Injection or extraction of fluid (liquid or gas) from a well typically involves a sand or gravel body that connects the well screen to the formation material. This is true both for conventional wells completed with a sand pack, and for wells that intersect sand-filled hydraulic fractures. The primary difference between these configurations is the geometry of the sand body, and the resulting interfacial area between the sand and formation material. A typical 5-ft-long, 8-inch-radius sand pack has an interfacial area of 11 ft. By contrast, the sand-filled portion of a typical 10-m-radius hydraulic fracture has an interfacial area of 630 ft, which is 60 times greater! Fluid flux through a given cross sectional area between the formation and fracture sand is a function of induced pressure differential and formation permeability. The increase in total flow rate to or from a hydraulically fractured well results from increasing the formation area available for flow.

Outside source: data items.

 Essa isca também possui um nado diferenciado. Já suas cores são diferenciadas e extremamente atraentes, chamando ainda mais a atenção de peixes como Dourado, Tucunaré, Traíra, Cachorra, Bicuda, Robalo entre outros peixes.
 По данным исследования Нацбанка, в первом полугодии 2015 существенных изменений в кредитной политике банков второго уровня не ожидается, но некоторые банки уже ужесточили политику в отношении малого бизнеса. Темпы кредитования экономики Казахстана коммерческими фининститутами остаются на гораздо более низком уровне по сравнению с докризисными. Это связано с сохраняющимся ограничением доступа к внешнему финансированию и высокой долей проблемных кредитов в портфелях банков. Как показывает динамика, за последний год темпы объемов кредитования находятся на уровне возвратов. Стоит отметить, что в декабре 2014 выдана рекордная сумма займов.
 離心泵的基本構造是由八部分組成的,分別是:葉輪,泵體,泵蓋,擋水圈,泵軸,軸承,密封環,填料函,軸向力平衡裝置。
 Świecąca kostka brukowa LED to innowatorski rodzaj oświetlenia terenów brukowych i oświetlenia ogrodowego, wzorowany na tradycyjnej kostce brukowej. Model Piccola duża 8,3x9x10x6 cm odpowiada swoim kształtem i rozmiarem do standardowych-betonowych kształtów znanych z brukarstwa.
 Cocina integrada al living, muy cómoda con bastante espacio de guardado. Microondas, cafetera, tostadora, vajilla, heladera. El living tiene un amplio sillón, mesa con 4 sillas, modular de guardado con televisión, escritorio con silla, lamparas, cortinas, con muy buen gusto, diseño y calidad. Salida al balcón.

Diagrams showing differences in induced flow patterns while injecting into fractured wells and conventional wells. Fracture thickness is exaggerated for illustrative purposes.

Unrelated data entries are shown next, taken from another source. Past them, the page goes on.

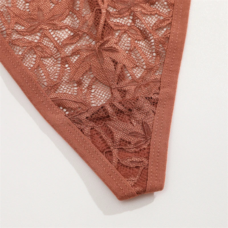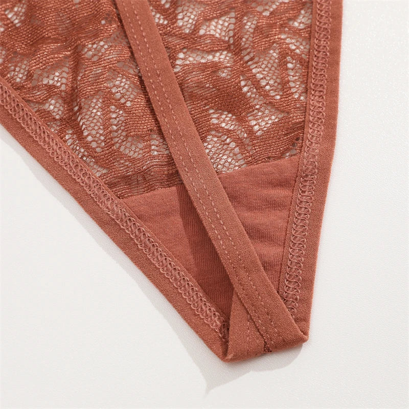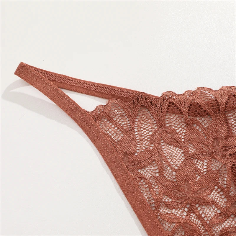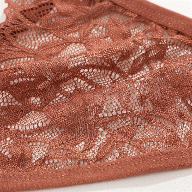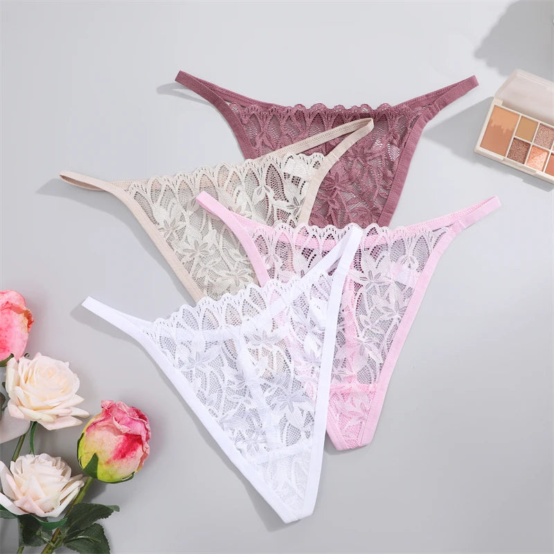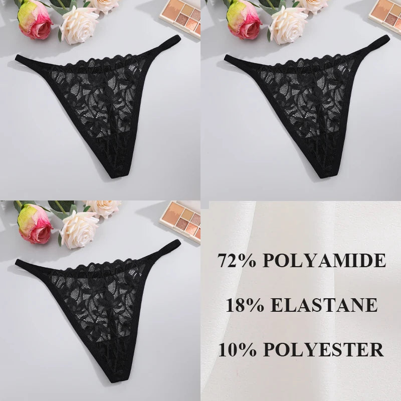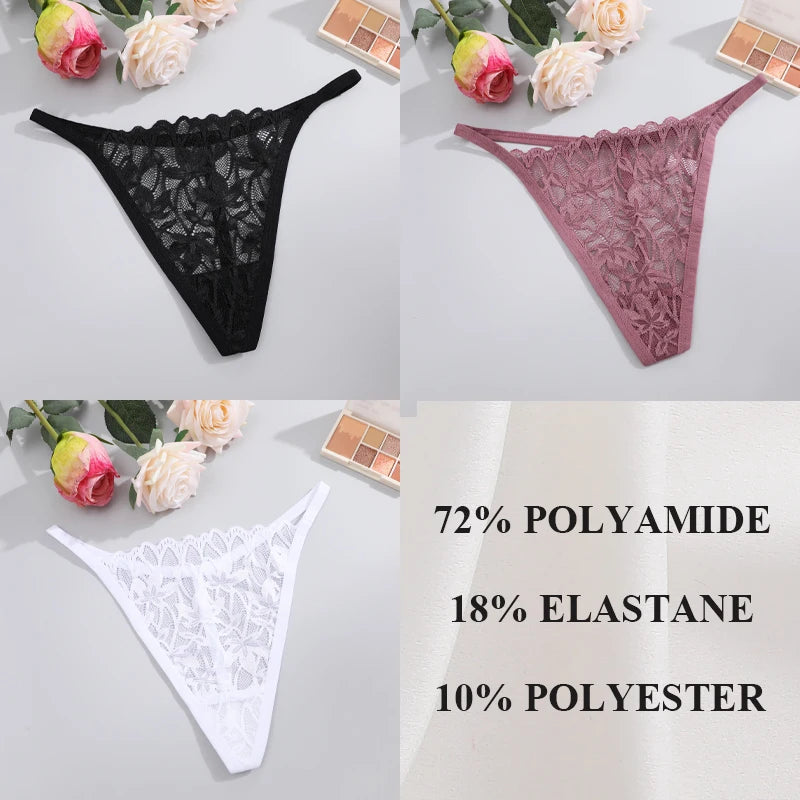 Women's 3Pcs/Set Lace Floral Thongs Hollow Out Underwear Low-Waist Perspective G-string Breathable Lingerie
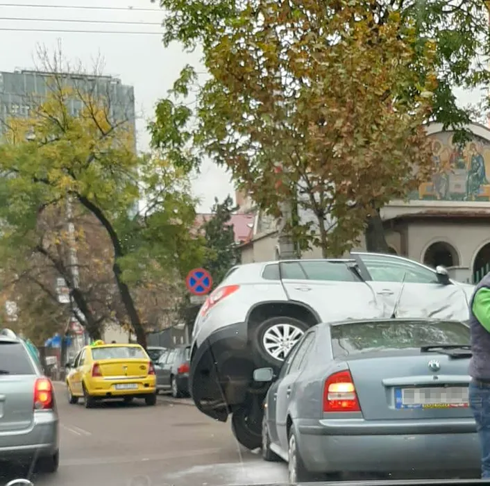 Gândul LIVE. Accident ca acesta nu s-a mai văzut în București! În ce poziție a rămas o mașină după o tamponare în centrul Capitalei
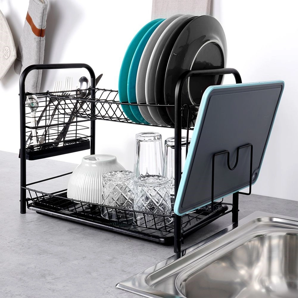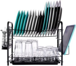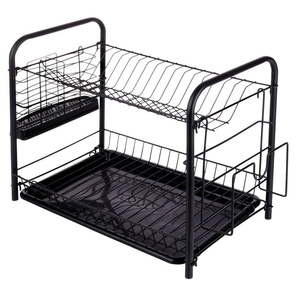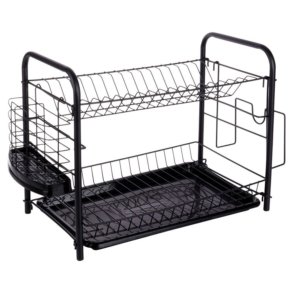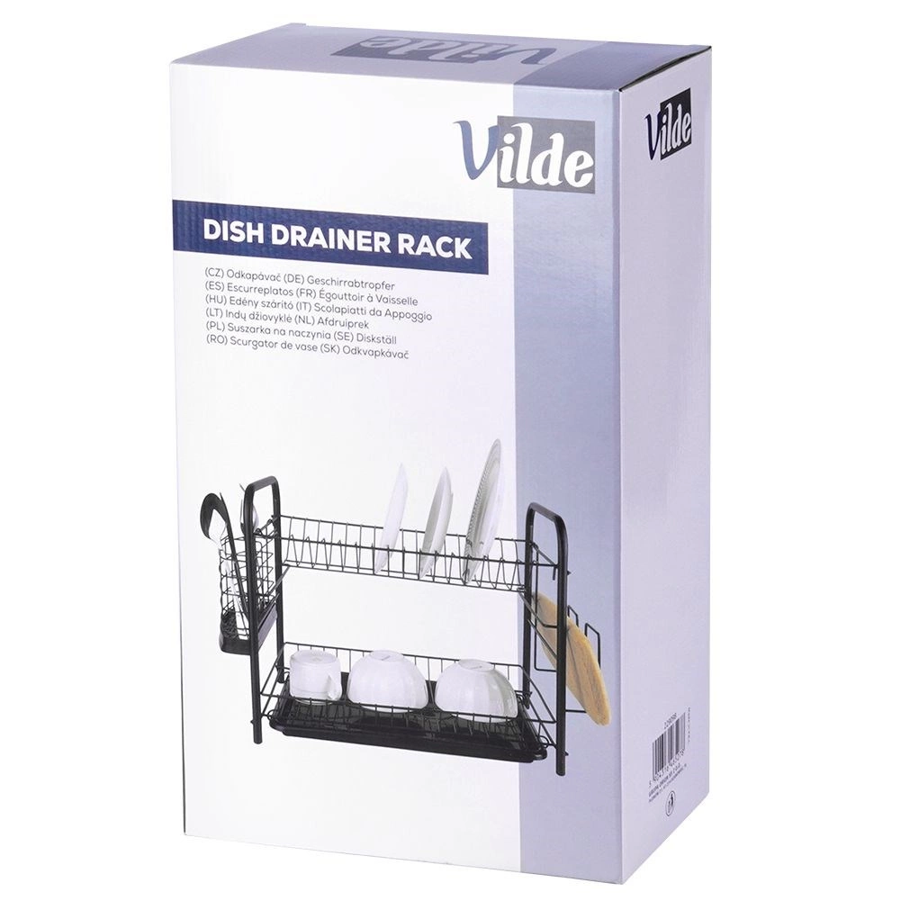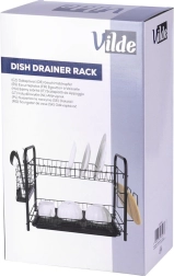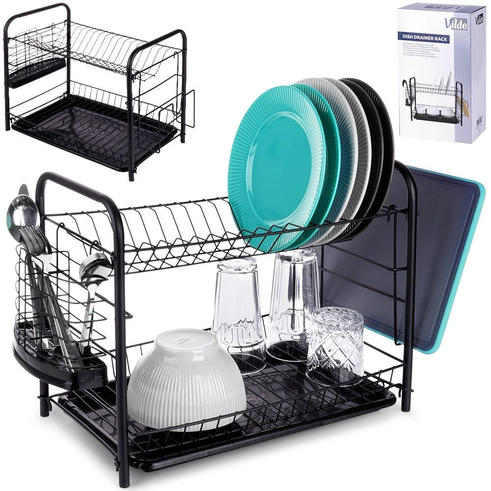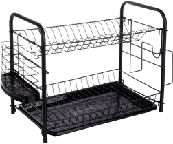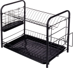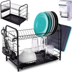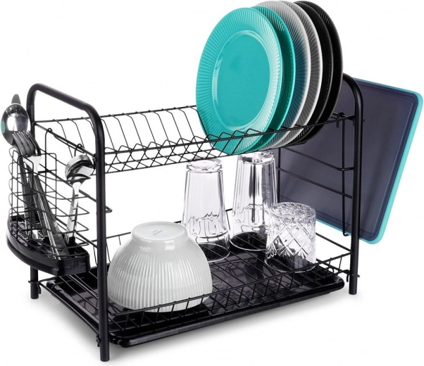Praktisks divlīmeņu trauku žāvētājs melnā krāsā ietaupa vietu uz darba virsmas un paātrina šķīvju, glāžu un galda piederumu žāvēšanu. Pateicoties diviem līmeņiem, tas ir ļoti ietilpīgs, tam ir noņemama noteces paplāte, dēlīša turētājs un atsevišķs grozs galda piederumiem. Izturīga metāla konstrukcija industriālā stilā nodrošina ilgmūžību un stabilitāti.

Assuming a low permeability formation material, the pressure drop required to induce fluid flow through fracture sand is much less than that required to force fluid from the sand into the formation. Therefore, injected fluid will tend to completely fill the fracture and enter the formation across the entire upper and lower surfaces of the fracture. However, due to the fact that flowlines diverge at the fracture tip, the fluid will tend to preferentially enter the formation along the outside perimeter. This phenomena can be observed when plotting resulting gas saturation data from air sparging simulations. This type of flow pattern significantly increases the radius of influence for any type of injection or extraction well.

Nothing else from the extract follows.